I had that moment when I realized that I might really need to get involved in some evolving family health situations. As the only American-born member of my biological family with the language skills and resources to cope with the system, I guess I'm going to have to get involved and be bitchy and demanding. Mind you, like Tina Fey, I can be good at being bitchy and demanding. In my head, however, advocacy is the province of an adult and it's hard not to feel like a kid around my family's older-generation-but-not-grey-and-frail family members, regardless of how many years the calendar gives me. I think it's going to be an eye-opening transition from cared-for to care-giver.
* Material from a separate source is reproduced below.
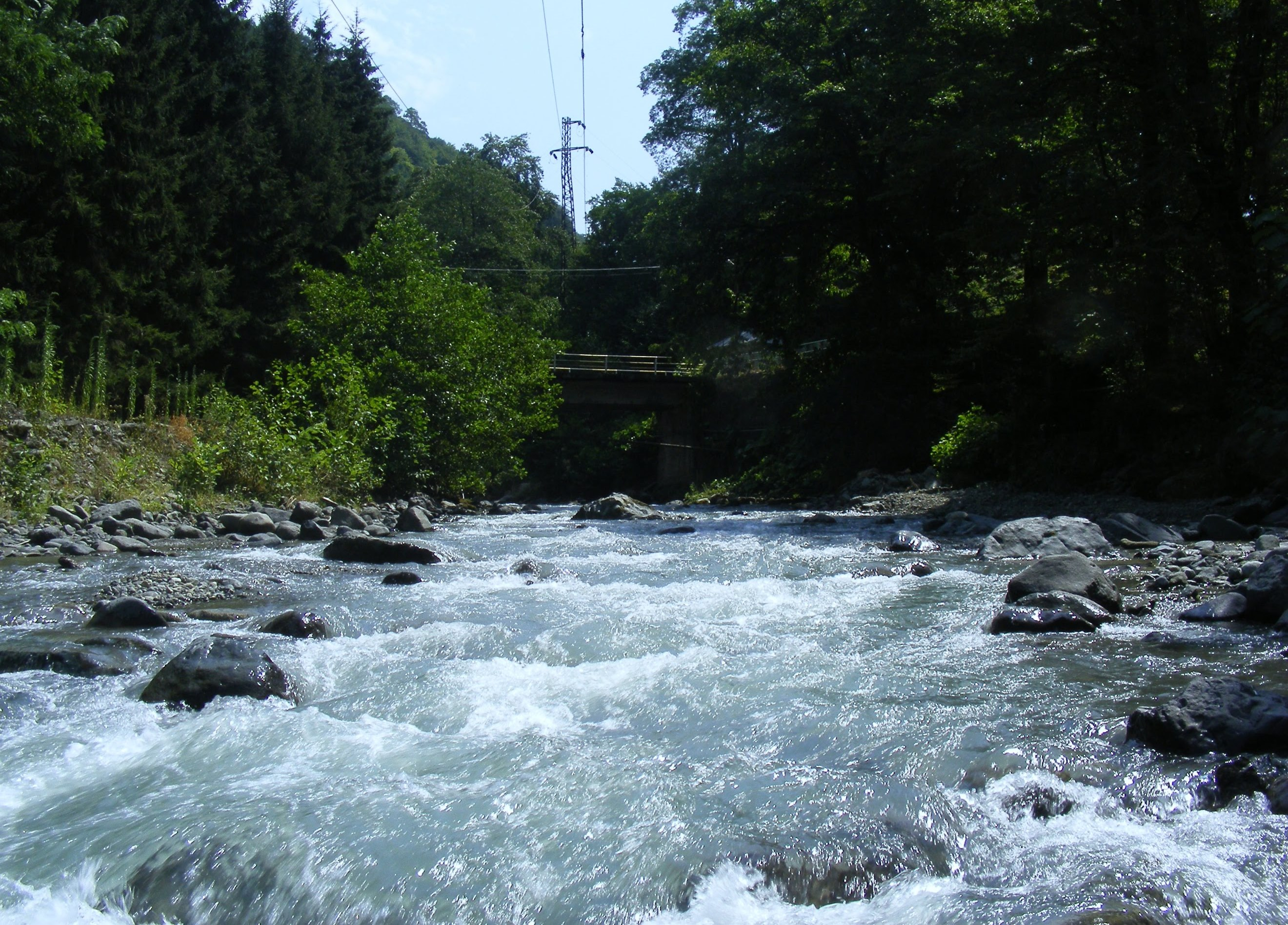 Village Nabeghlavi, River Gubazeuli
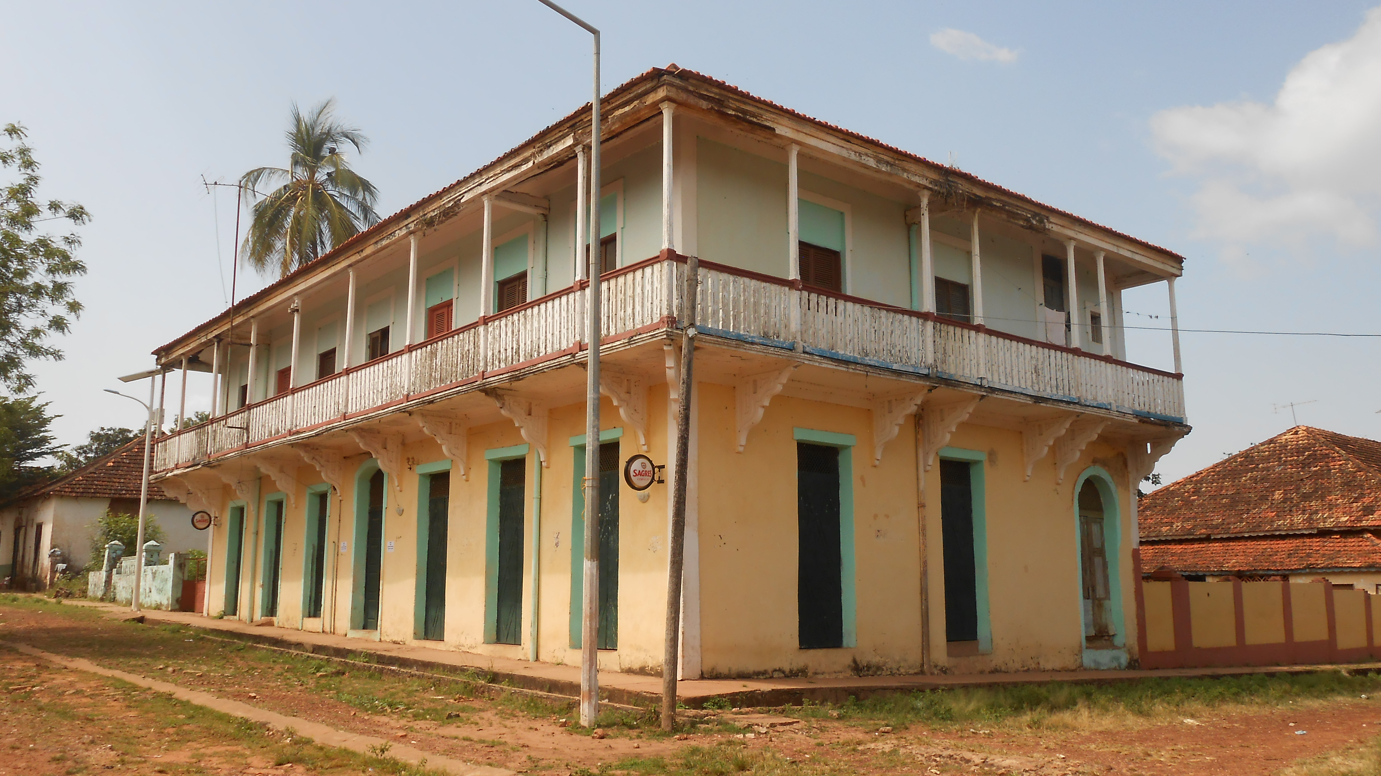 Shop with insignia of portuguese beer Sagres in a colonial building in Bolama.

On the more light-hearted side of things, I saw a bunch of friends in ones and twos and groups, did some long-overdue clothes shopping, made it to Redbones and got me some BBQ, bought too many books at Brookline Booksmith (in particular, I felt a keen case of discounted-cookbook-lust), wore out the little kitty playing many rounds of bottlecap soccer and got scratched up by the big kitty. I discovered - how did this take me so long? - that you can sync up Bollywood film dances with just about any non-downtempo music (thanks, Justin, for that). I ran around Jamaica Pond a few times and saw the ducklings and goslings trailing their parents. The ducklings especially were too cute for words. I'm considering making my next trip back coincide with the Newport Folk Festival.

Now that I'm done procrastinating, I should get back to digging through email...have a great long weekend, folks.